→ Work task: Each entry is to be retyped exactly as it appears, and each image is to be dropped.

=====

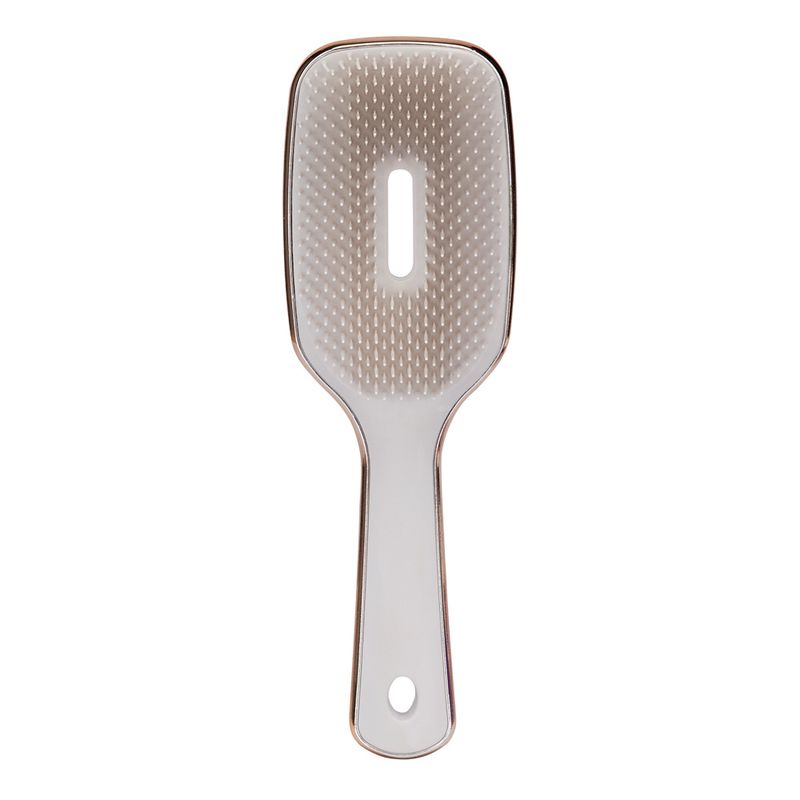 Escova de cabelo para desembaraçar todos os tipos de cabelo, secos ou molhados. Sua estrutura possui uma abertura que permite a passagem de ar e facilita a secagem do cabelo. Cerdas flexíveis de dupla altura com pontas arredondadas que não agridem o couro cabeludo e deslizam pelas mechas minimizando a quebra dos fios.
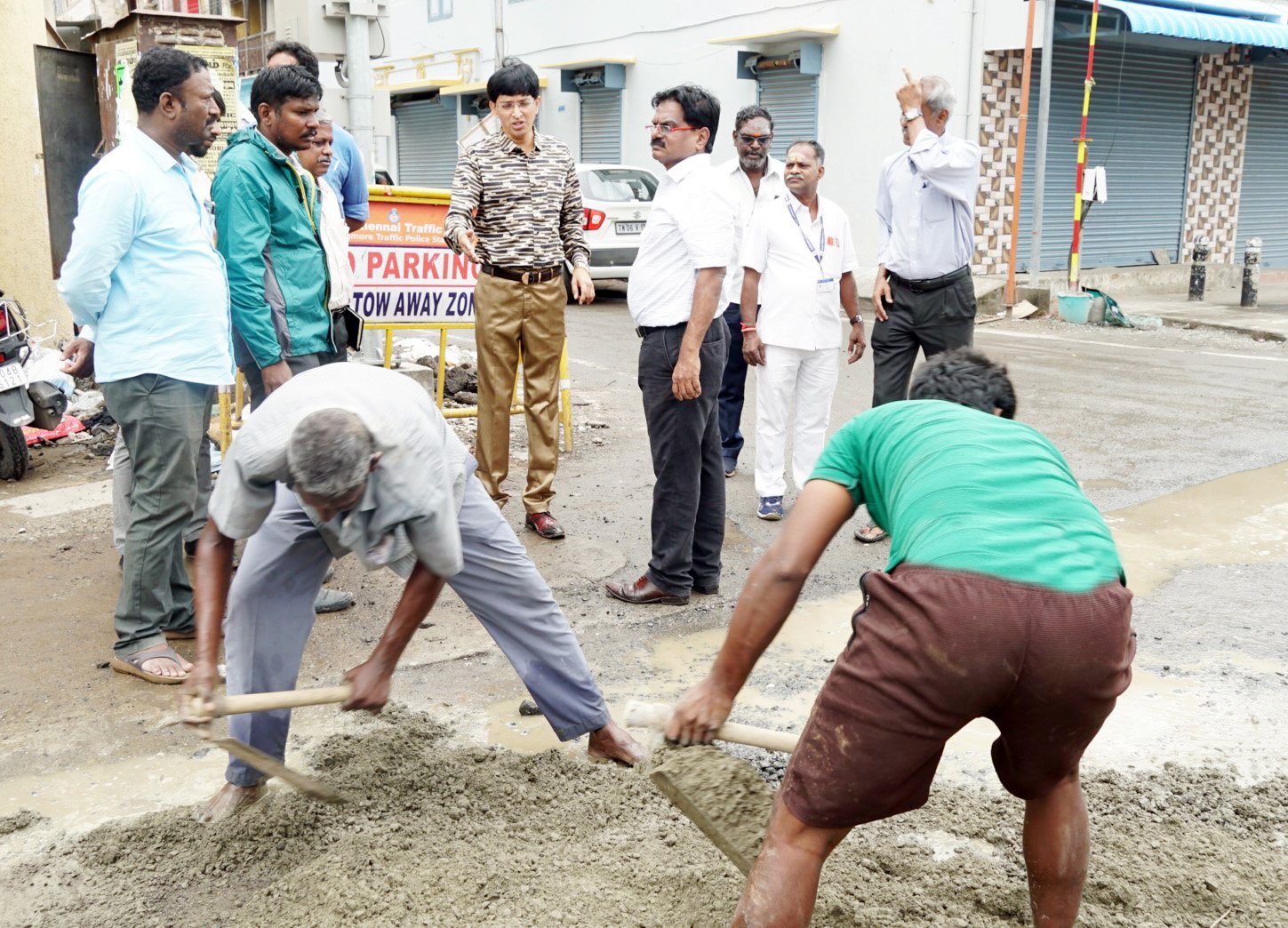 பெருநகர சென்னை மாநகராட்சி, தேனாம்பேட்டை மண்டலம், வார்டு-111க்குட்பட்ட உட்ஸ் சாலையில் மேற்கொள்ளப்பட்டு வரும் சாலை சீரமைப்புப் பணிகளை கூடுதல் தலைமைச் செயலாளர்/ஆணையாளர்
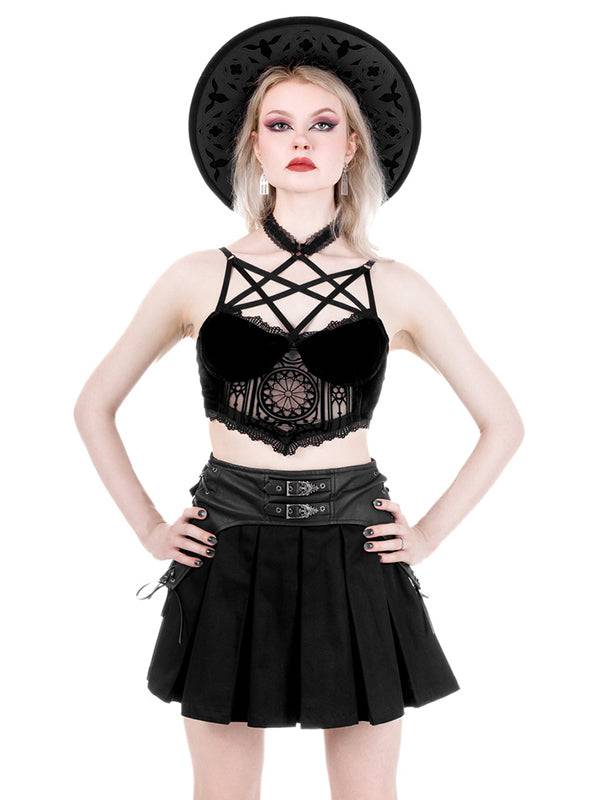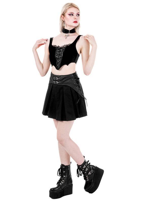 High-waisted A-line skirt with a flared hem. Contrast PU leather waistband. Two silver cathedral buckles with metal eyelets and PU leather straps. Lace-up side panels featuring metal eyelets and PU leather cords. Pleats around the full circumference. Center back zip.
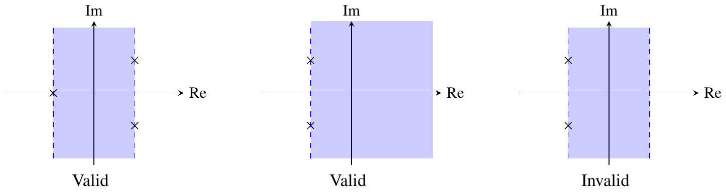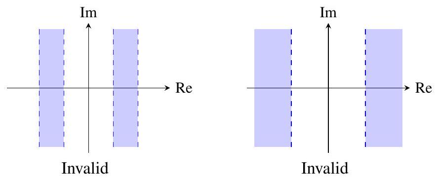 图7.9:作为有理拉普拉斯变换ROC的有效或无效集合示例。
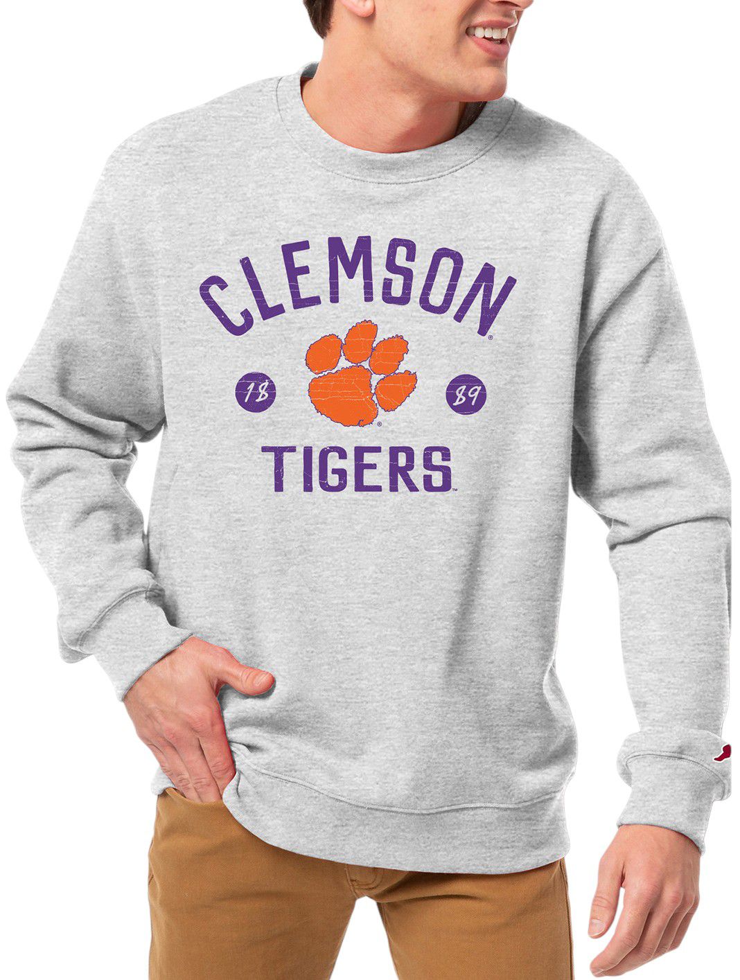 League-Legacy Men's Clemson Tigers Grey Essential 2.0 Fleece Crew Neck Sweatshirt

=====

→ Answer below:
 Escova de cabelo para desembaraçar todos os tipos de cabelo, secos ou molhados. Sua estrutura possui uma abertura que permite a passagem de ar e facilita a secagem do cabelo. Cerdas flexíveis de dupla altura com pontas arredondadas que não agridem o couro cabeludo e deslizam pelas mechas minimizando a quebra dos fios.
 பெருநகர சென்னை மாநகராட்சி, தேனாம்பேட்டை மண்டலம், வார்டு-111க்குட்பட்ட உட்ஸ் சாலையில் மேற்கொள்ளப்பட்டு வரும் சாலை சீரமைப்புப் பணிகளை கூடுதல் தலைமைச் செயலாளர்/ஆணையாளர்
 High-waisted A-line skirt with a flared hem. Contrast PU leather waistband. Two silver cathedral buckles with metal eyelets and PU leather straps. Lace-up side panels featuring metal eyelets and PU leather cords. Pleats around the full circumference. Center back zip.
 图7.9:作为有理拉普拉斯变换ROC的有效或无效集合示例。
 League-Legacy Men's Clemson Tigers Grey Essential 2.0 Fleece Crew Neck Sweatshirt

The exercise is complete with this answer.